With bigger Russian wheat exports, this will put some pressure on U.S. wheat prices for similar protein levels. Currently, Russian wheat exports are flying out of the ports, but it’s expected that the amount of exportable supplies are quickly dwindling. This likely translates to a window of opportunity opening up in 1Q2019 for other major wheat exporters.

This might already be getting realized though. While it’s easy to view better trade relationship between the U.S. and China being good for soybean prices, it might also be healthy for spring wheat: China has become the fourth largest buyer of U.S. spring wheat (mainly for blending purposes though).

On that note, through Week 27 of the 2018/19 U.S. wheat crop year, American hard red spring wheat exports are tracking 4% above last year’s pace with 3.27 MMT (or 121.2 million bushels) shipped out.

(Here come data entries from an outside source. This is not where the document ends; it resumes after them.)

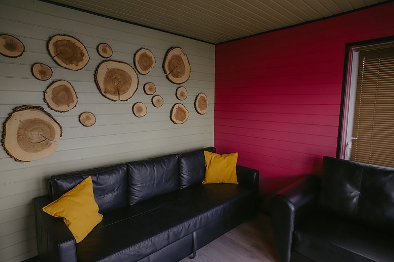 Коттедж с одной спальной комнатой (в спальной комнате две односпальные кровати, которые трансформируются в двуспальную), гостиной с диван-кроватью, раскладным креслом, электрическим чайником, спутниковым ТВ и всем необходимым для комфортного отдыха. Имеется мангал. Рядом с коттеджем расположена плавучая банька "Сардина" вмещающая в себя 5-х человек. Т.к. владельцы борются за чистоту озера, в коттедже установлен биотуалет.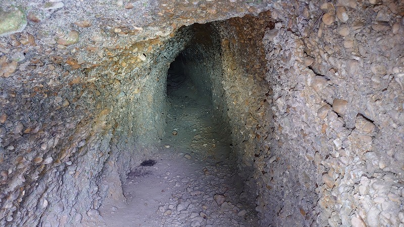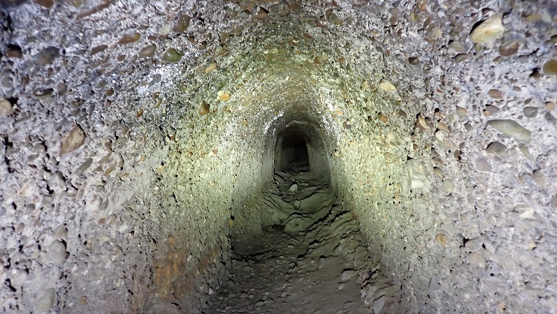 礫層の坑道ですが、崩落もほぼ無くしっかり残っています。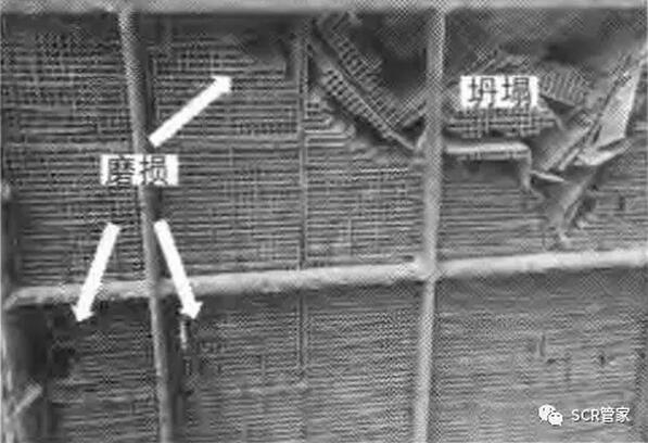 高溫煙氣攜帶大量顆粒物進入SCR反應器與催化劑發(fā)生碰撞,在“馬格努斯效應”下將使催化劑壁厚逐漸減小而造成磨損,甚至導致催化劑的坍塌,如圖1所示。催化劑磨損與流場分、煙氣特性、飛灰特性等因素有關。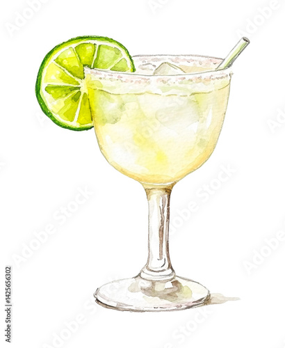 Refreshing margarita cocktail with lime garnish in elegant glass, cut out - stock png.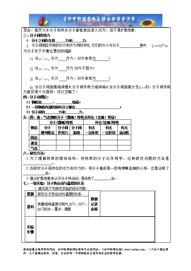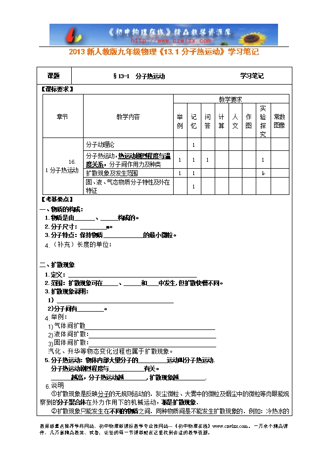 2013新人教版九年级物理《13.1分子热运动》学习笔记

A similar dynamic has been seen in Canadian non-durum wheat exports, as China has been a very large buyer, helping support domestic cash wheat prices (and as mentioned in late September). It’s been suggested that they continue to be strong buyers of Canadian non-durum wheat, which is likely why current exports through Week 19 of the Canadian crop year are tracking nearly 19% higher; Marketing-year-to-date, 6.9 MMT have been exported from Canadian ports.

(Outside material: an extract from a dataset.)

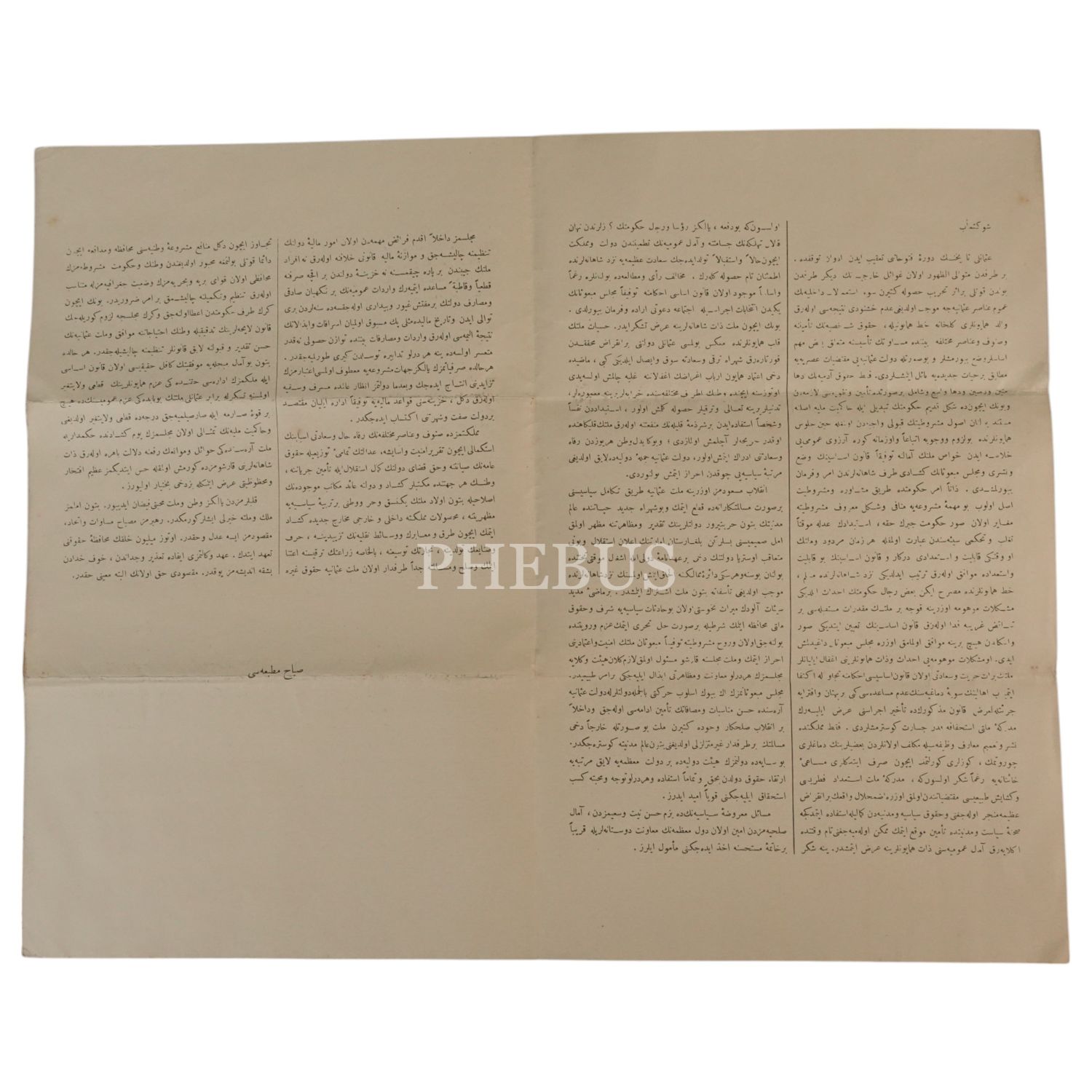 Osmanlı Devleti Hükümeti ve Meşrutî yönetimi muhafaza edebilmek, bulunduğu coğrafyada barışı muhafaza ederek halkının refahını arttırmak için kara ve denizlerde bulunan askeri kuvvetlerin güçlü tutulması gerektiğine dair kaleme alınmış ve Meclis-i Mebusan´a sunulmuş layiha, Sabah Matbaası, 46x37 cm...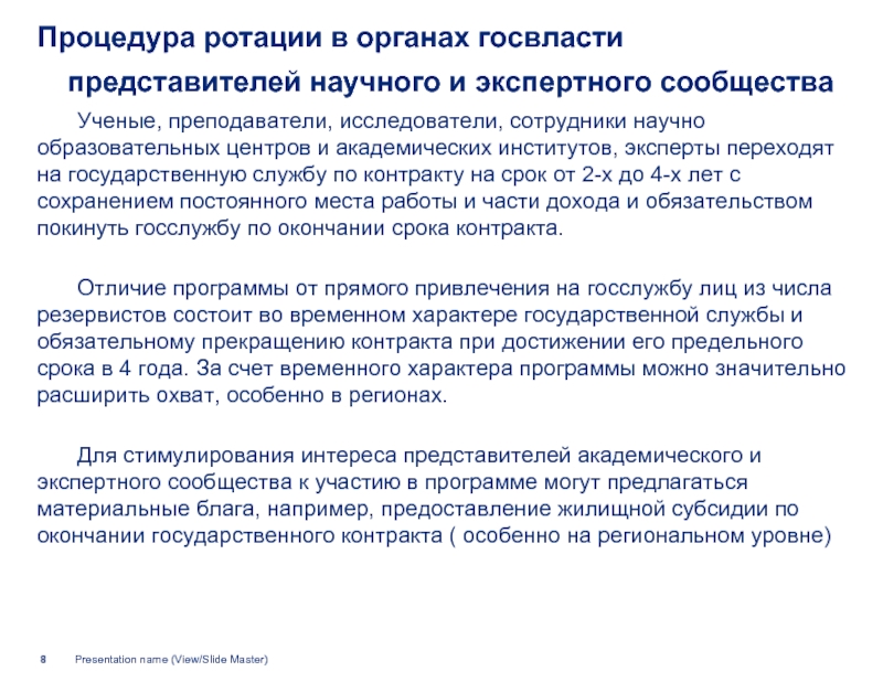 Слайд 8Процедура ротации в органах госвласти представителей научного и экспертного сообщества

Technically-speaking, wheat prices are looking to end the 2018 calendar year pretty strong. Currently, soft red winter wheat prices on the Chicago futures board are up 24% since January 1, 2018, making it the best performer in the grain and oilseed complex. Worth noting is that oats futures are up nearly 20% while corn prices are sitting almost 10% better.

For the week on front month March 2019 contracts, Chicago SRW wheat prices closed nearly flat at $5.30 USD / bushel, Kansas City HRW wheat prices gained more than 6 cents to finish at $5.18, and Minneapolis HRS wheat prices gained 2.5¢ to finish at $5.84.

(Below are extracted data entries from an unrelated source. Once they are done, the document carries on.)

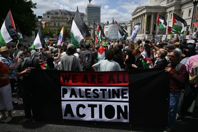 Des centaines de personnes se sont réunies sur la place Trafalgar, en plein centre de Londres, pour exprimer leur soutien à ce groupe d’action directe pro-palestinien, alors que des informations indiquent qu’il pourrait être ajouté à la liste des organisations terroristes.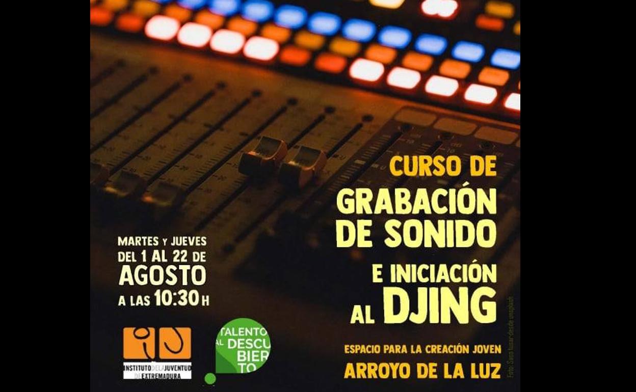 Durante los martes y los jueves del mes próximo mes de agosto, el Espacio para la Creación Joven de Arroyo de la Luz acogerá un ... curso de Grabación de Sonido e Iniciación al Djing, dentro de los cursos que el Instituto de la Juventud de Extremadura está llevando a cabo en varias localidades a través del programa 'Talento al Descubierto'.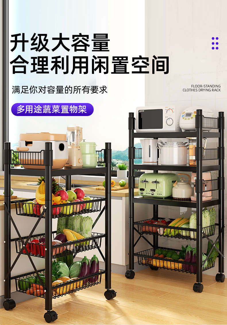 주방 야채 바구니 보관 랙 가정용 바닥 다층 전자 레인지 보관 랙 다기능 선반 보관 랙스토어 가기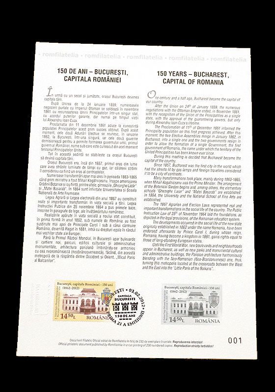 Carton filatelic 150 DE ANI – BUCUREŞTI, CAPITALA ROMÂNIEI – Romfilatelia-O lume intr-un timbru

Something to keep in mind is Rabobank’s expectation that 2019 will be a correction year for wheat prices. Pretty much every major wheat producer/exporter is expected to plant more of the cereal for the 2019/20 crop year. Thus, while you and I are thinking about better marketing opportunities for wheat prices in 1Q2019, we should also be just as quick to consider 2019/20 wheat sales at the same time.

Finally to wrap things up, the Climate Prediction Center says that an El Nino is almost certainly being seen this winter, continuing through January. For North America, this usually means wetter conditions, and since this one is occurring over the winter, it’s likely to benefit winter wheat production the most. Worth keeping in mind though is that U.S. winter wheat acres are expected to drop to a 100-year low. The CPC also is estimating that the chances of an El Nino lasting through the spring for 2019 is about 60%. .

As it relates to the pulse trade, an El Nino is significant though. Typically, the weather phenomenon is typically associated with a drought or scant rains. We know that this doesn’t necessarily bode well then to produce pulses in the country’s winter rabi crop.

Keep in mind that country is already suffering from below-average monsoon rains and that pulse acres seeded thus far are lower year-over-year. Ultimately, as I’ve said many times (as has the rest of the industry now), a smaller rabi winter harvest of pulses in India might support more exports for the likes of peas, lentils, and chickpeas, but the import tariffs are unlikely to be removed any time soon.